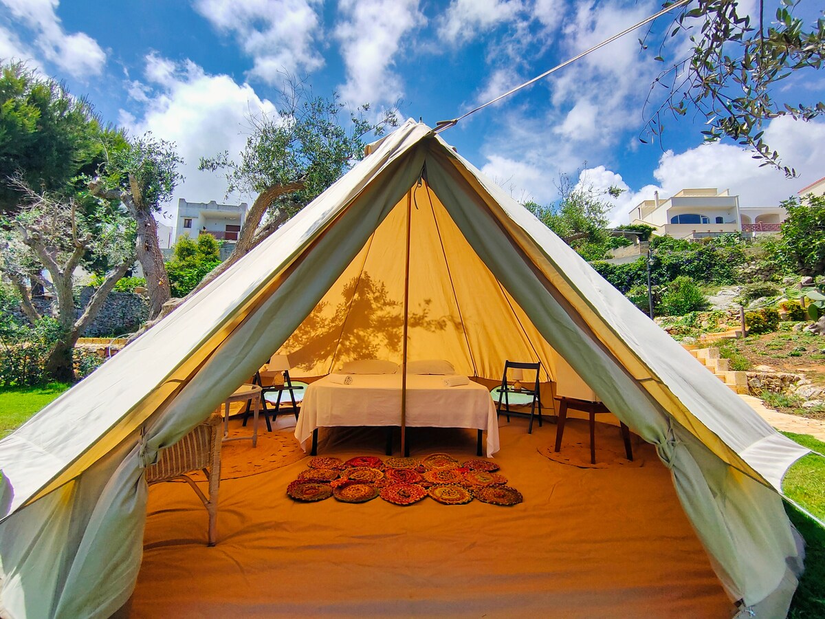 Duerme bajo las estrellas en la tienda glamping de Casa Camilla. Nuestra tienda de campaña de 5 m se encuentra bajo un antiguo olivar con vistas despejadas al mar, justo en el corazón de Marina Serra, a 2 minutos a pie de la piscina natural. La tienda tiene todas las comodidades imaginables: cama, nevera, aire acondicionado y electricidad, baño al aire libre, ducha, lo que proporciona la combinación perfecta de comodidad y naturaleza. El exterior está amueblado con hamaca y zona de estar y también tienes acceso a una zona de barbacoa.
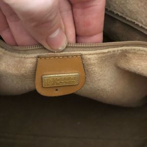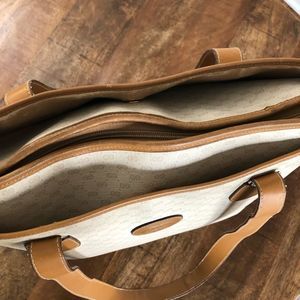 Elegant Gucci tote in cream with tan accents. Perfect for everyday use. Stylish and versatile.
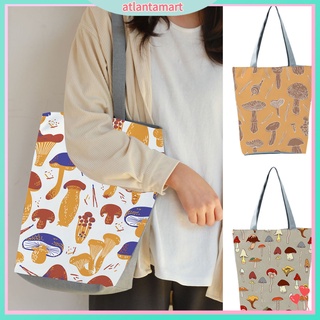 Túi Tote Đeo Vai Bản Rộng In Họa Tiết Cây Nấm Hoạt Hình Có Thể Tái Sử Dụng
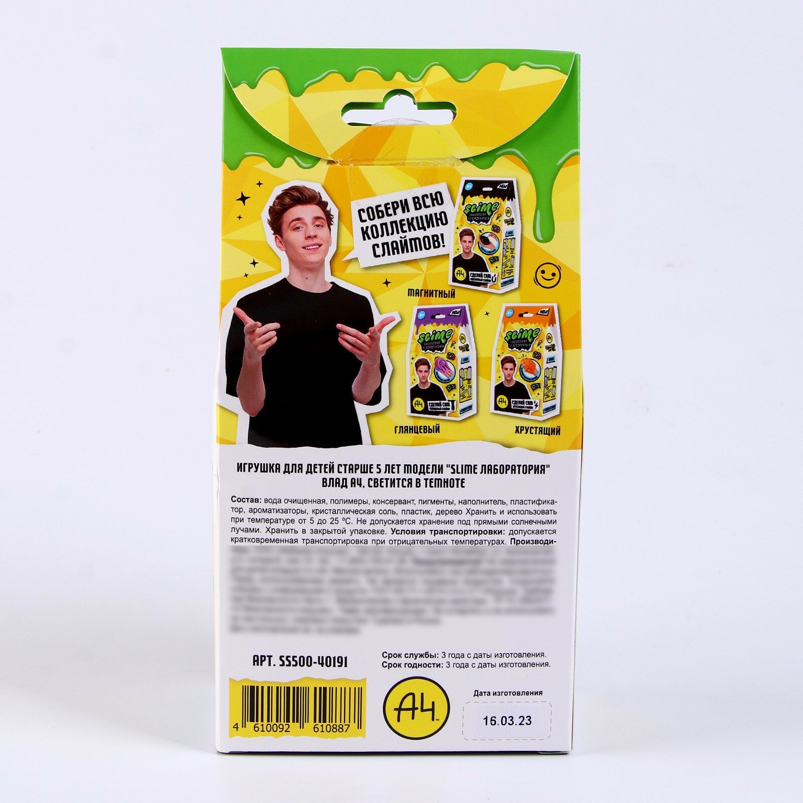 Набор для создания слайма «Slime лаборатория» Влад А4, светится в темноте, 100 г
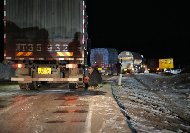 1月30日晚的这场大雪,依然来得突然。不少车辆都靠边停车安装防滑链,一对开罐车的夫妻蹲在车轮旁反复测试防滑链是否拉紧。经常翻越折多山的这对夫妻说:“下午在康定还是晴天,不过走折多山,防滑链是必备品。”
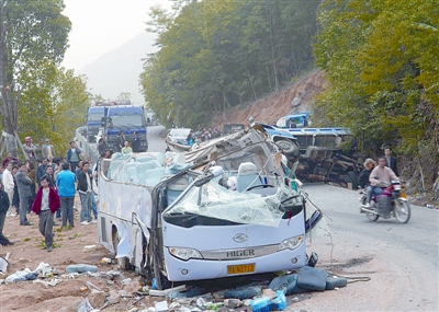 昨日下午,我省五峰縣境內(nèi)發(fā)生一起特大交通事故,一輛載有武漢“統(tǒng)一”企業(yè)員工及家屬的武漢客車發(fā)生側(cè)翻,車上6人死亡、28人受傷。
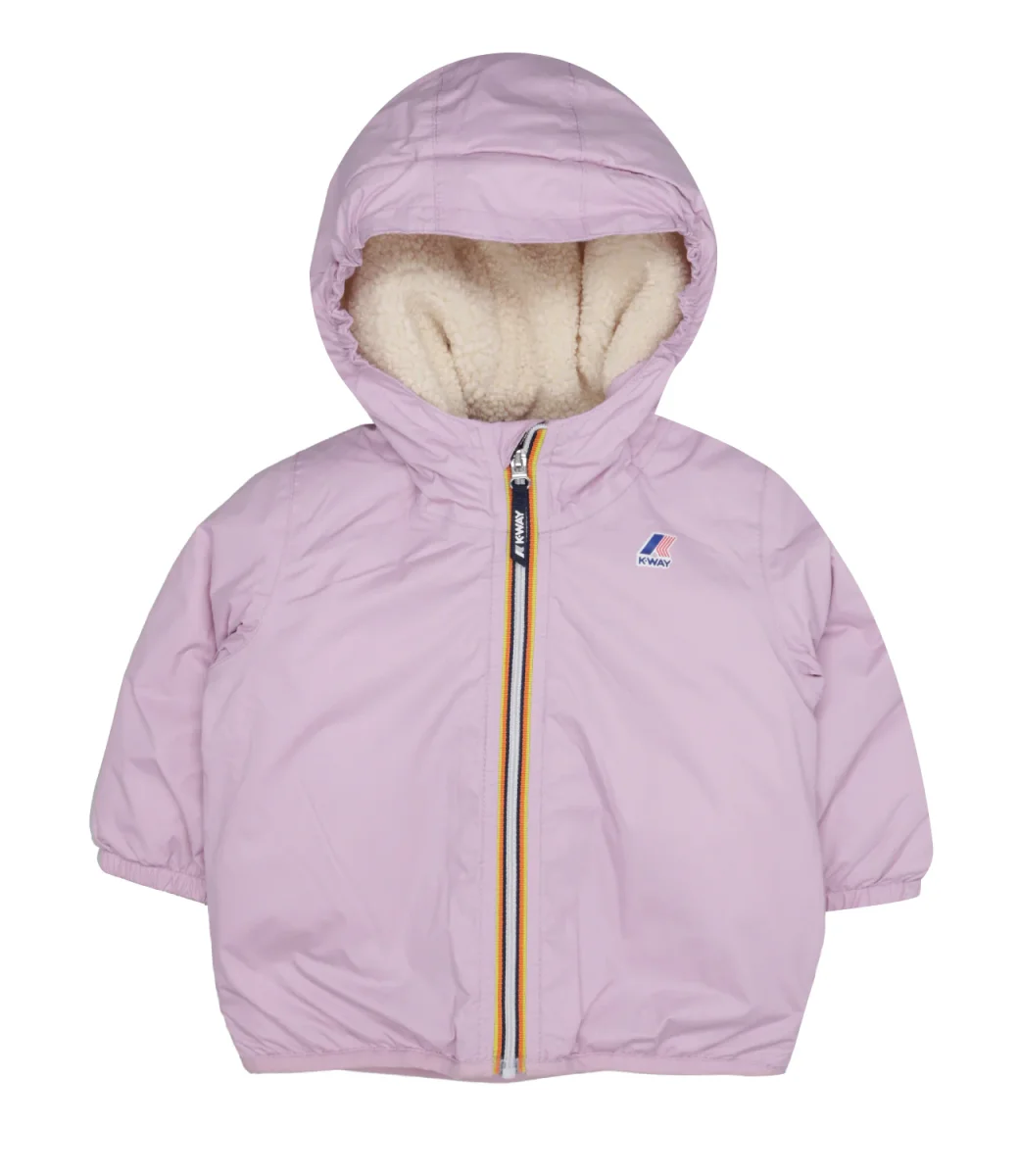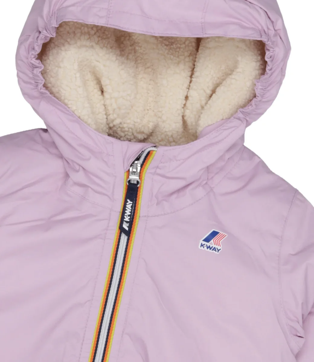 Giubbotto K-Way Kids modello E. Le Vrai 3.0 Claudine Orsetto. Realizzato in nylon ripstop impermeabile e antivento, il modello si caratterizza per l’imbottitura in ovatta dal peso medio e il rivestimento in tessuto soffice effetto sherpa, caldo e piacevole al tatto.
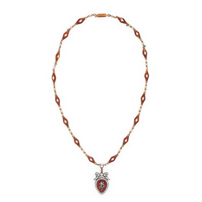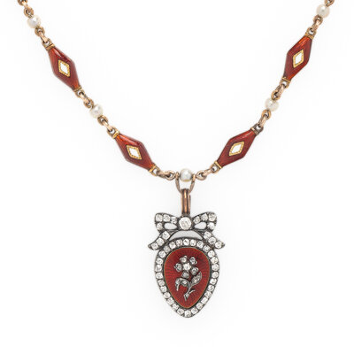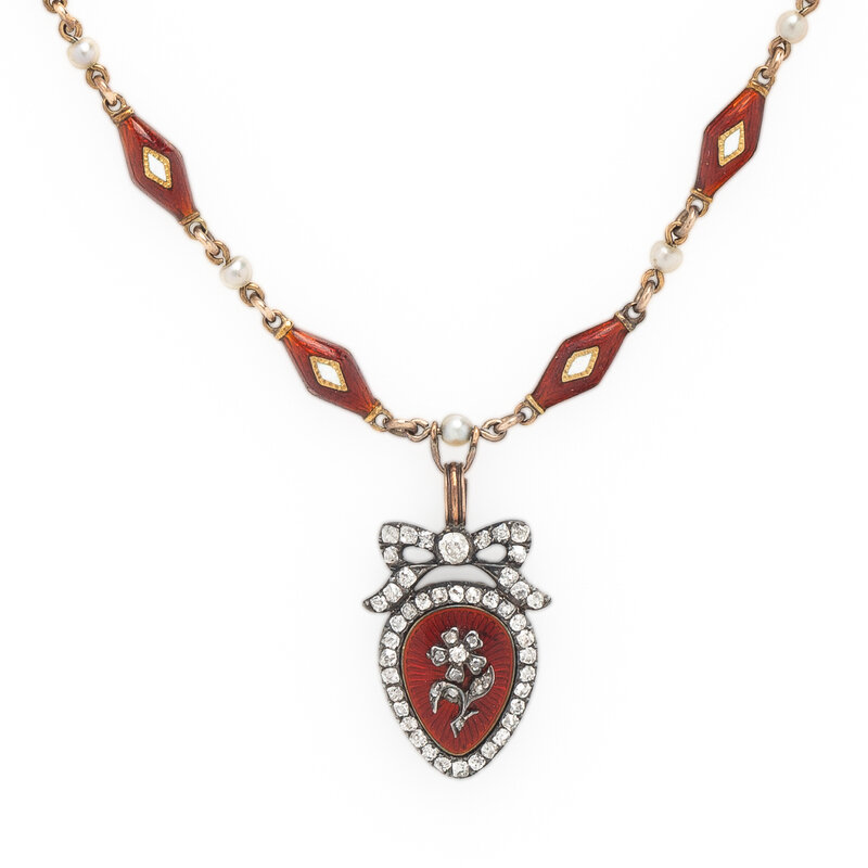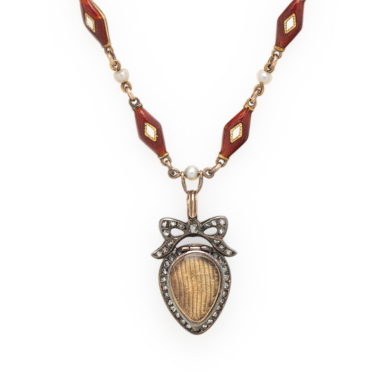 Featuring a pendant designed with bow and flower motifs and set with old European, old mine, and rose cut diamonds and red guilloche enamel, the back set with woven hair within a glazed panel, on a necklace of alternating stations of seed pearls and red and white enameled links. Mounted in silver-topped low karat gold and yellow gold. 14 3/4 inches long, with a 1 inch long drop.
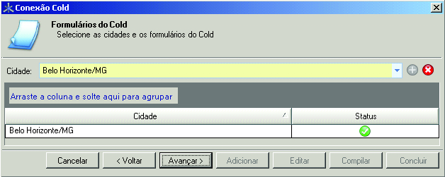 Passo 8: Note que agora na tela de seleção de cidades do Cold, a bolinha que estava com uma exclamação agora está verde e com um sinal de correto dentro, isso indica que todos os formulários Cold foram selecionados. Selecione a cidade desejada e clique no botão
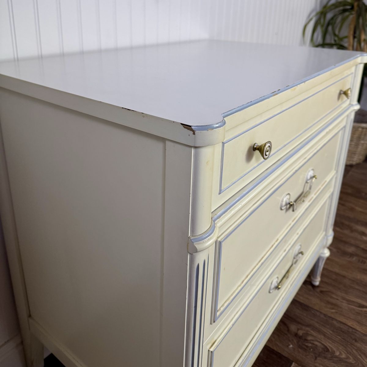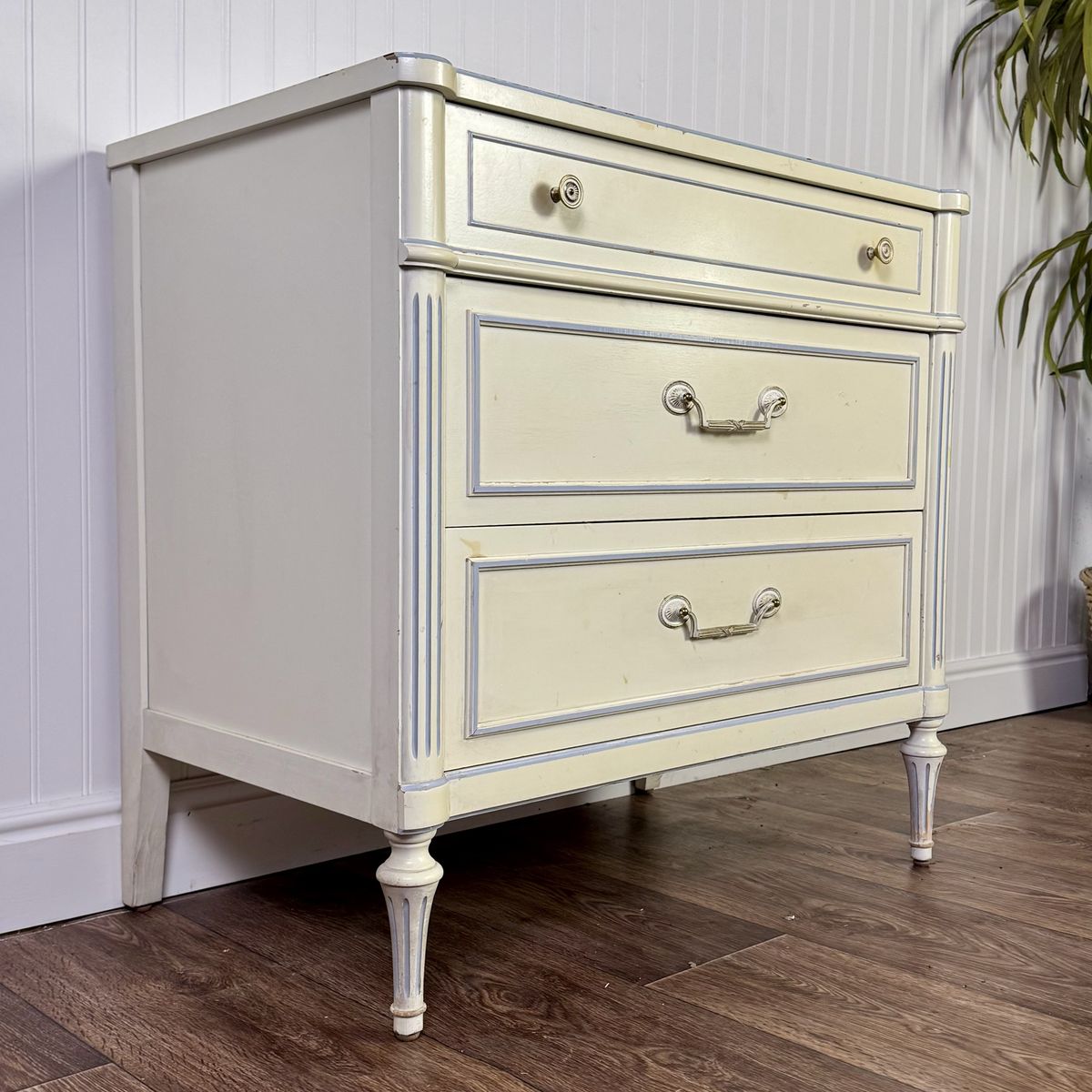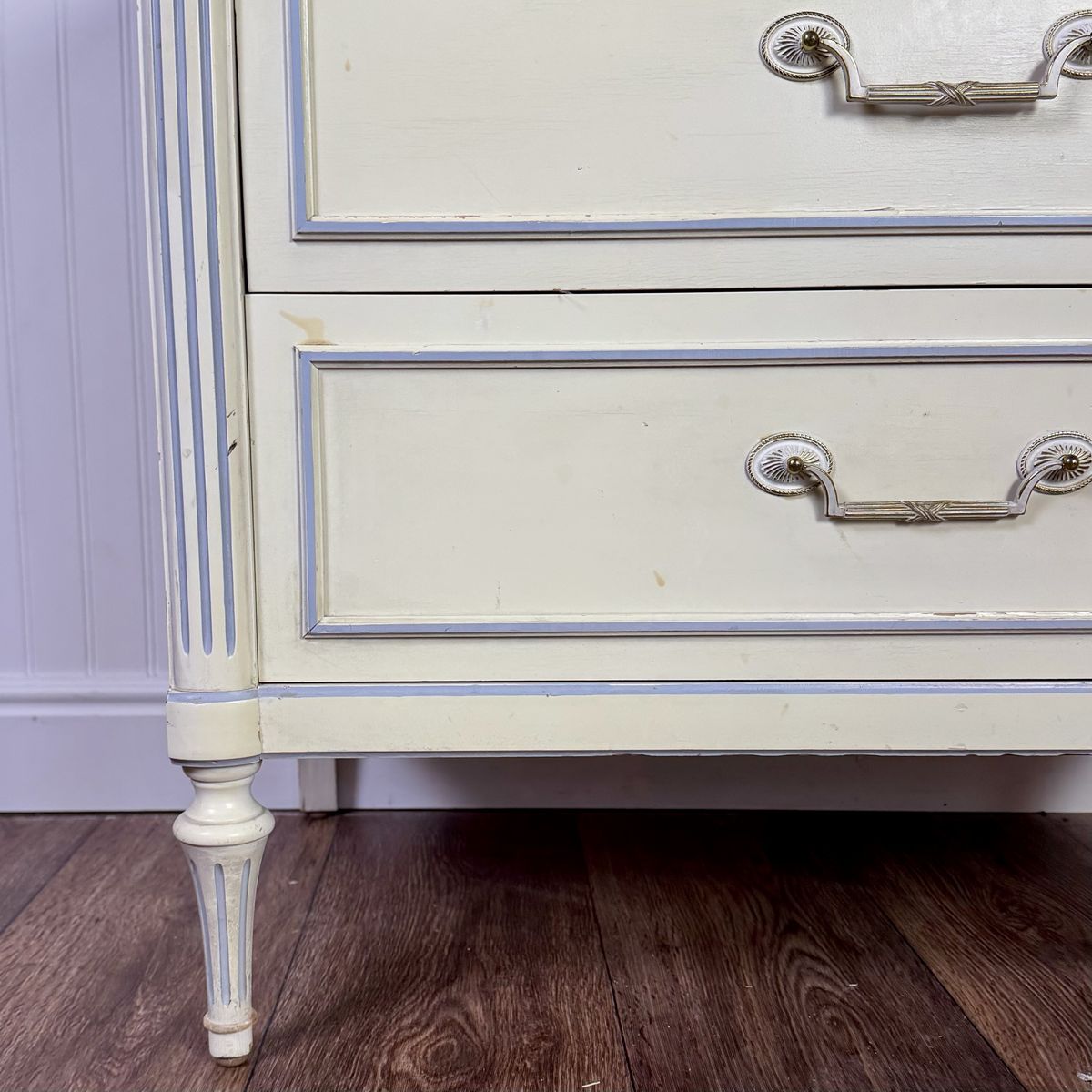 VenmoVintage Thomasville nightstand / chest of drawers from the 1960s featuring a classic French Provincial style with fluted details, a soft cream painted finish with light blue trim accents, and original brass hardware. Includes three dovetailed drawers that slide smoothly.
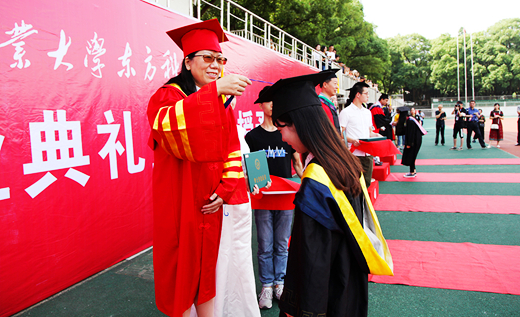 校歌奏起,萦绕在整个东田径场,也萦绕在每个人的心田,典礼气氛走向高潮。熟悉的旋律牵动着毕业生们身上每一处细胞,很多人用泪水诉说着无法言喻的情感。随后,毕业生身着学士服,院学位授予委员会代表们为在场的1044名毕业生拨穗并颁发学位证书,毕业生一一与导师合影留念。
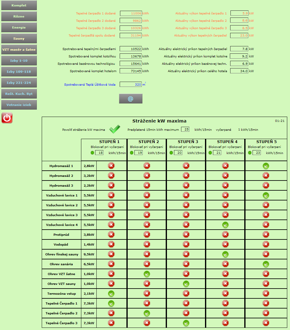 Another important task for Foxtrot was water management system control. Hotel is located in outlying mountain area with lack of drinking water, so precise water managenet is a must. Water for the whole hotel complex is pumped from mountain creek to hotel water finishing technology room, where all finishing technology runs and after this proces the water is pumped to the water tank. The tank is monitored and in the case of level decrease, hotel staff is alarmed.
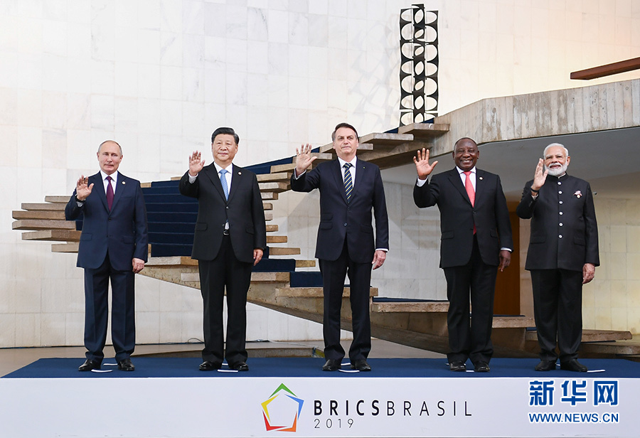 當?shù)貢r間11月14日,金磚國家領導人第十一次會晤在巴西首都巴西利亞舉行。巴西總統(tǒng)博索納羅主持會晤。中國國家主席習近平、俄羅斯總統(tǒng)普京、印度總理莫迪、南非總統(tǒng)拉馬福薩出席。這是五國領導人合影。 新華社記者 謝環(huán)馳 攝
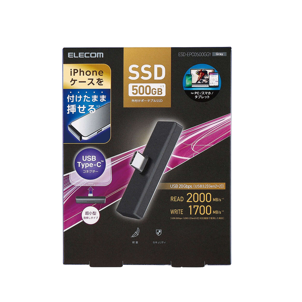 USB Type-C™コネクターを搭載した、超小型直挿しタイプのiPhone向け外付けSSDです。
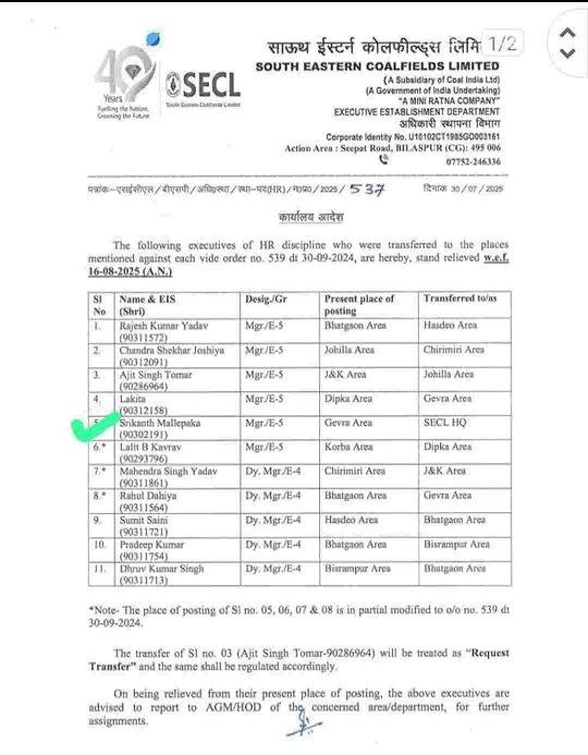 कोरबा,31 जुलाई (वेदांत समाचार)। SECL दीपका एरिया, गेवरा और कोरबा समेत अफसरों का तबादला किया गया है। इस संबंध में सूची के साथ कार्यमुक्त होने के आदेश भी जारी कर दिए गए हैं। इन अधिकारियों को 16 अगस्त तक कार्यमुक्त होने के आदेश दिए गए हैं। मानव संसाधन अनुशासन के पत्र के अनुसार ऐसे अधिकारी जिन्हें आदेश संख्या 539 दिनांक 30-09-2024 के तहत उल्लिखित स्थानों पर स्थानांतरित किया गया था, उन्हें एतद्द्वारा 16-08-2025 तक कार्यमुक्त किया जाता है।
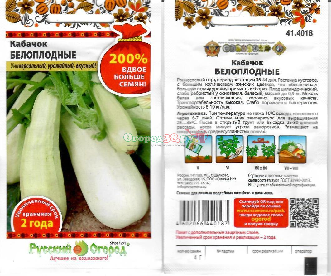 Кабачок Белоплодный 4г (ран, куст) 200%
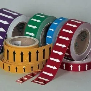 Ofrecemos cinta adhesiva para tubería, cinta con flechas de dirección de flujo y tarjetas de flechas para ayudar a crear mayor visibilidad e identificar el flujo de las tuberías. Estas cintas y tarjetas para marcaje de tuberías están disponibles en duraderos materiales diseñados para resistir algunos de los ambientes más agresivos. También le ayudarán a cumplir con las normas de color de ANSI.

- **Description of the task**: Using the listing above, reproduce word for word every line from the one containing "新華社記者 謝環(huán)馳 攝" through the one containing "कोरबा,31 जुलाई (वेदांत". Pictures must be left out.

- **Task answer**:
 當?shù)貢r間11月14日,金磚國家領導人第十一次會晤在巴西首都巴西利亞舉行。巴西總統(tǒng)博索納羅主持會晤。中國國家主席習近平、俄羅斯總統(tǒng)普京、印度總理莫迪、南非總統(tǒng)拉馬福薩出席。這是五國領導人合影。 新華社記者 謝環(huán)馳 攝
 USB Type-C™コネクターを搭載した、超小型直挿しタイプのiPhone向け外付けSSDです。
 कोरबा,31 जुलाई (वेदांत समाचार)। SECL दीपका एरिया, गेवरा और कोरबा समेत अफसरों का तबादला किया गया है। इस संबंध में सूची के साथ कार्यमुक्त होने के आदेश भी जारी कर दिए गए हैं। इन अधिकारियों को 16 अगस्त तक कार्यमुक्त होने के आदेश दिए गए हैं। मानव संसाधन अनुशासन के पत्र के अनुसार ऐसे अधिकारी जिन्हें आदेश संख्या 539 दिनांक 30-09-2024 के तहत उल्लिखित स्थानों पर स्थानांतरित किया गया था, उन्हें एतद्द्वारा 16-08-2025 तक कार्यमुक्त किया जाता है।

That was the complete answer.